Here we use a factor with 4 levels. ˆyi=b0+b1⋅D1+b2⋅D2+b3⋅D3+b4⋅D4
library(tidyverse)
## ── Attaching packages ─────────────────────────────────────── tidyverse 1.3.1 ──
## ✔ tibble 3.1.6 ✔ dplyr 1.0.8
## ✔ tidyr 1.2.0 ✔ stringr 1.4.0
## ✔ readr 2.1.2 ✔ forcats 0.5.1
## ✔ purrr 0.3.4
## ── Conflicts ────────────────────────────────────────── tidyverse_conflicts() ──
## ✖ psych::%+%() masks ggplot2::%+%()
## ✖ psych::alpha() masks ggplot2::alpha()
## ✖ dplyr::arrange() masks plyr::arrange()
## ✖ purrr::compact() masks plyr::compact()
## ✖ dplyr::count() masks plyr::count()
## ✖ dplyr::failwith() masks plyr::failwith()
## ✖ dplyr::filter() masks stats::filter()

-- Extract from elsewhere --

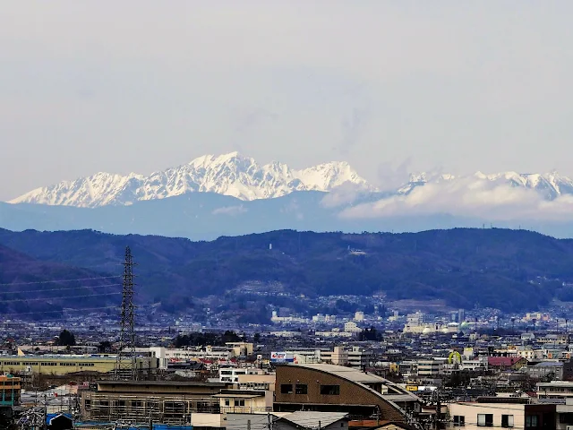 諏訪湖の向こうに北アルプスの山なみも見えます

## ✖ dplyr::id() masks plyr::id()
## ✖ dplyr::lag() masks stats::lag()
## ✖ dplyr::mutate() masks plyr::mutate()
## ✖ dplyr::recode() masks car::recode()
## ✖ dplyr::rename() masks plyr::rename()
## ✖ purrr::some() masks car::some()
## ✖ dplyr::summarise() masks plyr::summarise()
## ✖ dplyr::summarize() masks plyr::summarize()
dd <- read_delim("https://pzezula.pages.gwdg.de/data/Superhero.dat", delim = "\t")
## Rows: 30 Columns: 2
## ── Column specification ────────────────────────────────────────────────────────
## Delimiter: "\t"
## dbl (2): hero, injury
##
## ℹ Use `spec()` to retrieve the full column specification for this data.
## ℹ Specify the column types or set `show_col_types = FALSE` to quiet this message.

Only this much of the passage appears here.